A Week in Bad PR: Object Lessons from the Dark Side

Social media and the Interwebs are teaching me a lot about communication, what works and what doesn’t in Public Relations and Marketing.  This week offered examples of good, bad and unethical PR practices.

Good. Since several stories of bad Public Relations surfaced this past week, Sarah Evans sent a call out to catch PR folks in the act of doing what’s right.  Kudos to that!

Bad. Bad Pitch Blog (and can I just say–I hope to never make this Blog of Shame) shared this role reversal: During a search for a well-salaried position, a journalist makes a bad pitch to a PR firm by belittling the gig. All downhill after that.

Lesson learned: Do Not overestimate my value or worth, especially when seeking gainful employment.

Equal parts Bad and Galactically Stupid. A PR Agency gets caught in SpamGate, blasting everyone the same pitch. The error compounds as the email basics of CC, BCC and Reply All were lost on many.

replyall2Making matters worse was the fact that the spam email in question was sent to several PR and Social Media experts, who of course, quickly called out the Agency. This resulted in several posts and tweets, some harsh. Many just commented on the bad practices rather than bad practitioners.

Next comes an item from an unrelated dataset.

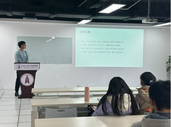 读书会分两个小组进行,两组同学分别共读《钢铁是怎样炼成的》和《红岩》。领读人对书籍进行概括分享,在小组中,每位同学纷纷发表感悟。《钢铁是怎样炼成的》是由俄罗斯作家奥列斯特·列昂尼多维奇·柯拉索夫所著,是一部描写了沙皇时期俄国人民无畏斗争的小说。《红岩》主要讲述了在1948年至1949年新中国成立前夕,在重庆的国民党统治下,共产党员和革命志士在“中美合作所”白公馆、渣滓洞集中营中所进行的英勇斗争。两本书都彰显共产主义革命者始终坚持信念的大无畏精神,给同学们很深的感触体会,同学们分别采用不同的形式、不同的角度解读文章,细品文字背后的深意,重现先驱的荣光。两部小说让同学们感受到幸福是需要靠我们去坚韧拼搏的,在逆境中依旧要学会不忘本心,砥砺前行。

Adding fuel to the fire, the agency was too slow to respond, posting the same apology on many of the blogs that critiqued their failure.  On Friday the agency posted this response, but I suspect it’s too little, too late.

Lessons learned: 1) Start with better PR practices than bulk emailing pitches and 2) Have a plan for when things go sideways. Mistakes will happen. It’s what you do next to quickly fix it that’ll make a difference.

Evil. This is the horrific, unfunny version of that scene in Once Upon a Time in Mexico, where Johnny Depp fixes the bullfight by zapping the matador: a PR Agency gets caught getting interns to rig the game by planting fake positive reviews of iPhone apps on behalf of clients.

A couple of stories and tweets and blogs about this, including Rachel Kay’s query about what happens if the interns refused, and if not, “bigger issues.” True that.

Lesson learned: The unethical practice of a PR Agency actively marketing and selling the services of rigging favorable opinions on social media networks and websites on behalf of clients and their products is counter to everything good PR and Social Media practices are all about. Period.